During the past few decades, there has been an explosion of work on the use of biomarkers in predictive modeling and whether it is useful to include these when evaluating risk of clinical events. As new biologic mechanisms have been discovered, genetic markers evolved, and new assays developed, questions about the usefulness of new markers for clinical prediction have been debated. In cardiology, several strong risk factors for cardiovascular disease, namely cholesterol levels, blood pressure, smoking, and diabetes, have been well-known for decades [1] and have been incorporated into clinical practice. They have also been included in predictive models for cardiovascular disease, primarily developed in the Framingham Heart Study [2]. Since then, many new markers with more modest effects have been discovered as new biologic pathways have been unearthed. In fields which have less powerful predictors to date, development and addition of predictive markers may be even more important.

As interest in biomarkers has soared, so has the methodology used to evaluate their utility. There are now several performance measures available for quantifying the added value of biomarkers (Table 1), several of which have been proposed in the last decade. This commentary provides an overview of methods currently used to evaluate new biomarkers, describes their strengths and limitations, and offers some suggestions on their use.

Table 1 Summary of performance measures for quantifying added value

Likelihood functions

A fundamental construct for much of statistical modeling is the likelihood function. This reflects the probability, or “likelihood,” of obtaining the observed data under the assumed model, including the selected variables and their associated parameters [3]. As more variables are added and the model fits the data better, the probability of obtaining the data that are actually observed improves. Much of statistical theory is based on this function. Thus, the primordial criterion of whether new variables, including biomarkers, can add to or improve a model is whether and by how much the likelihood increases. When the models are nested, we can test improvement with a likelihood ratio test, though other related tests, such as a Wald test, are sometimes used. For nonparametric models or machine learning tools, other loss functions are often used, such as cross-entropy or deviance, which are functions of the log likelihood for binary outcomes [4].

Other likelihood-based measures do not directly perform a test of significance, but apply a penalty for added variables, such as the Akaike Information Criterion (AIC) or Bayes Information Criterion (BIC). These are particularly valuable when non-nested models are used. While the original AIC applied a penalty of 2 degrees of freedom per variable, a generalized version uses an arbitrary penalty. The BIC, sometimes called the Schwarz criterion, applies a usually larger penalty of ln(N) where N is the number of observations. It thus favors more parsimonious models than the AIC, making it harder for a new biomarker to be judged to have added value.

The first criterion for assessing the addition of a new marker to a model should be the test of association, preferably based on a likelihood ratio test if models are nested. Several authors have argued that one test is all you need to assess new markers [5, 6]. Indeed, if a new marker cannot improve the likelihood or reduce entropy, then it is unlikely to have any clinical impact. Other tests can become redundant or even biased when the null hypothesis of no effect is true. Demler et al. [7] showed, based on U-statistics, that other tests of improvement, including the difference in area under the ROC curve, as well as the NRI and IDI described below, are degenerate and non-normal when comparing nested models under the null hypothesis.
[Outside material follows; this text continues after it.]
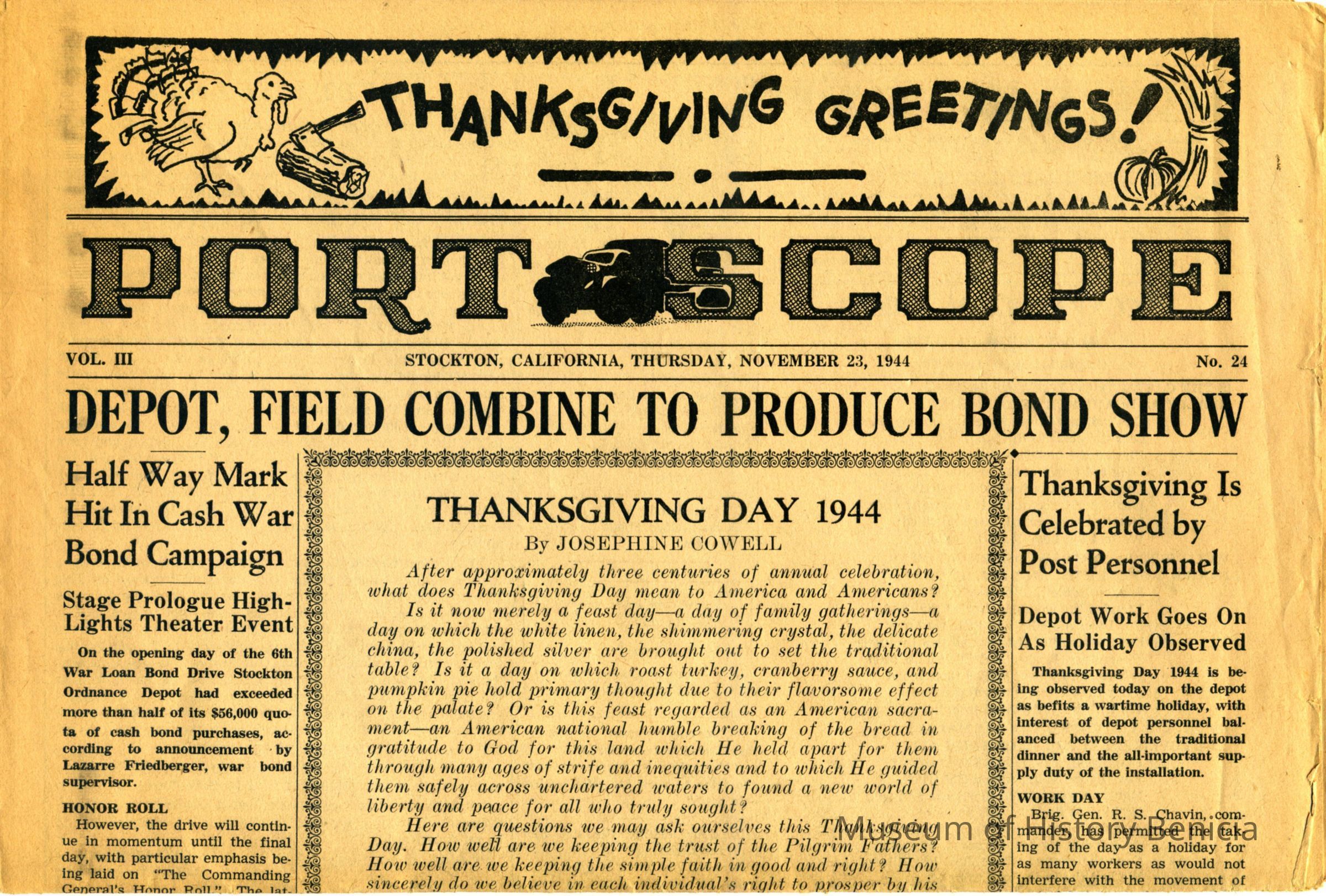This is a newspaper called "Port Scope" from Stockton, Ca dated 11/23/1944. The front page has articles about the Stockton Depot's War Bond Drive. It also contains an article by Josephine Cowell on Thanksgiving.Collection

While likelihood-based or deviance measures or testing can indicate significant associations or better fit for a model, this does not necessarily translate into clinical significance. The improvement may be small, may be limited to a few, or may otherwise fail to influence clinical decisions.

ROC curves

Key components for evaluating medical tests are the sensitivity and specificity. These measures of discrimination, or separation of cases and non-cases, can be more helpful in determining how well a test can classify patients into those who truly have the disease or not. The sensitivity and specificity can be summarized over a range of cut points for a continuous predictor using the receiver operating characteristic (ROC) curve and the area under the curve (AUC). The AUC, also known as the c-statistic, can be interpreted as the probability that a case and non-case pair is correctly ordered by a model or rule [8]. By comparing two AUCs, one may compare the performance of diagnostic algorithms [9]. A similar measure, the c (for concordance) index, has been developed for survival data [10, 11]. This index, however, is dependent on the censoring distribution. Another concordance index, Gönen and Heller’s k [12], has been developed specifically for the Cox regression model and is robust to censoring [13]. Uno et al. [14] also introduced a modified c-statistic that does not depend on the study-specific censoring distribution.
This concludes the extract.